Wolfgang Wodarg, responsável pela saúde ao nível do Conselho da Europa, acusou os produtores das vacinas e anti-virais de influenciarem a declaração de pandemia por parte da OMS (ver). Um terço dos peritos que aconselharam a OMS sobre a gripe tinham ligações à indústria farmacêutica, e cinco dos 15 especialistas do comité de emergência haviam recebido financiamento do sector ou tinham outras ligações (ver). Só na Grã-Bretanha foram gastos mais de 1.2 mil milhões de libras no combate à gripe, a maioria para vacinas, sob a ameaça que pelo menos 65 mil britânicos poderiam morrer. O vírus foi responsável por 457 fatalidades, um terço do número causado pela gripe sazonal.

O lobby da indústria farmacêutica é dos mais poderosos. Em 2012, foi revelado que gastava anualmente 40 milhões de euros (M€) ao nível da UE (face aos 3.4 M€ de grupos de interesse público), incluindo o emprego de cerca de 220 pessoas a exercerem pressão junto aos círculos de poder da UE (ver). Este é o total oficial, pois pode na realidade atingir os 91 M€, nível comparável aos EUA, onde é dos sectores que mais dinheiro emprega em lobbying. (O lobbying como um todo em Bruxelas é uma doença ao ritmo de mil milhões euros anuais, com cerca de 30 mil lobbyistas, quase um por cada funcionário ao serviço da Comissão Europeia.)

Voltando ao Ébola

Face ao referido sobre a doença no início, entende-se que mesmo que alguém infectado entra-se num país ocidental, a menos que se ponha a vomitar e a cuspir sangue por cima de pessoas no metro, não irá infectar muita gente, nem se verá uma espiral de infecção. Apesar da degradação dos nossos sistemas de saúde, estes estão muito acima dos existentes na AfSS. O mais provável é ser levado a um hospital ocidental, diagnosticado e tratado, terá uma hipótese razoável de sobreviver, como aliás sucedeu com os ocidentais que estavam na AfSS e foram trazidos de volta para os seus países.

Comparativamente a outras doenças, o Ébola em África tem até à data um impacto relativamente menor. Segundo Adam C. Levine, na África sub-Sariana, nos passados 6 meses, enquanto o surto de Ébola causou a morte de mil crianças e adultos, quase 300 mil crianças e adultos morreram de malária, a pneumonia causou a morte de quase 300 mil crianças, quase 200 mil crianças morreram de diarreia, e mais de 400 mil crianças e adultos morreram na sequência de ferimentos, como acidentes automóveis. Porém, devido a sua sintomatologia – é uma doença hemorrágica – e ser relativamente nova, é natural que inspire um pânico, que as outras doenças não provoquem, pânico esse que está a ser promovido, o que nos remete às vantagens da cultura do medo.

A atenção dedicada ao Ébola levou um painel ético da OMS a autorizar o uso de um soro experimental (ZMapp), que portanto não passou pelos necessários ensaios clínicos testando a sua eficácia ou efeitos secundários.
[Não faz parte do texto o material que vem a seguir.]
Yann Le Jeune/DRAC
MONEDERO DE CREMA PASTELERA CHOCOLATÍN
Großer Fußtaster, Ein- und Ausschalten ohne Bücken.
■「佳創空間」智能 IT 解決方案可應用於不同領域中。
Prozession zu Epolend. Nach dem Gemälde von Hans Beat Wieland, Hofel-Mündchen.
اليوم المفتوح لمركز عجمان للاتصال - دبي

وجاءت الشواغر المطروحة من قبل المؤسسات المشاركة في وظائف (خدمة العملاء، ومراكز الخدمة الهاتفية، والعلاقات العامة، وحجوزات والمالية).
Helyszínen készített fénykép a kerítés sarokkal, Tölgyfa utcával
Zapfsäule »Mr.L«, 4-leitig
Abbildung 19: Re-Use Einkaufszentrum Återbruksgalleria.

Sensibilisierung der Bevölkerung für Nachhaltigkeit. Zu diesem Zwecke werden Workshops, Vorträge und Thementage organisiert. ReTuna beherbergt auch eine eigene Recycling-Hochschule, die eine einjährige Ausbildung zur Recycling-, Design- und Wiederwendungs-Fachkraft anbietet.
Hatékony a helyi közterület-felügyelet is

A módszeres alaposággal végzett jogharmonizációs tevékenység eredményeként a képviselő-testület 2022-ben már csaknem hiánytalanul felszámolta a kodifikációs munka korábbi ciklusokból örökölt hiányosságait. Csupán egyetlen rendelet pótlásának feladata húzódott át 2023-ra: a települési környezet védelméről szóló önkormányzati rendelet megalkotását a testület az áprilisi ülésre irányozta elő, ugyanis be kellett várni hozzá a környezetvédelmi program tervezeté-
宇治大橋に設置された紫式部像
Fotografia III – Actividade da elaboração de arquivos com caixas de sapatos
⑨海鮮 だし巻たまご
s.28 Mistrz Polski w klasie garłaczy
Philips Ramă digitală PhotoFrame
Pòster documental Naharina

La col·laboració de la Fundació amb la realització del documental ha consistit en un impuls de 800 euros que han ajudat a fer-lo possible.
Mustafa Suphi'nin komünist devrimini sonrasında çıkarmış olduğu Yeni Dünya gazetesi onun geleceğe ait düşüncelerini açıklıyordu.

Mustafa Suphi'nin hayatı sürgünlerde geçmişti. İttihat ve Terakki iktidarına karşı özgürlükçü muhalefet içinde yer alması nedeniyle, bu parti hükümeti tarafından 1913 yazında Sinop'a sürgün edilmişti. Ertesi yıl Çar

Os seus produtores ficam assim isentos de esperar pela fase moroso normalmente exigida e podem vender o seu produto à Guiné, Serra Leoa, Libéria, Nigéria e outros, afligidos pelo Ébola. Cabe perguntar se os milhões necessários para comprar esta droga não seriam melhor empregues em meios menos vistosos e “avançados” como campanhas de prevenção e informação, construção de clínicas com condições para isolamento de pacientes, e aquisição de luvas, máscaras e outro equipamento básico que poderá também ser útil na prevenção e tratamento de outras doenças.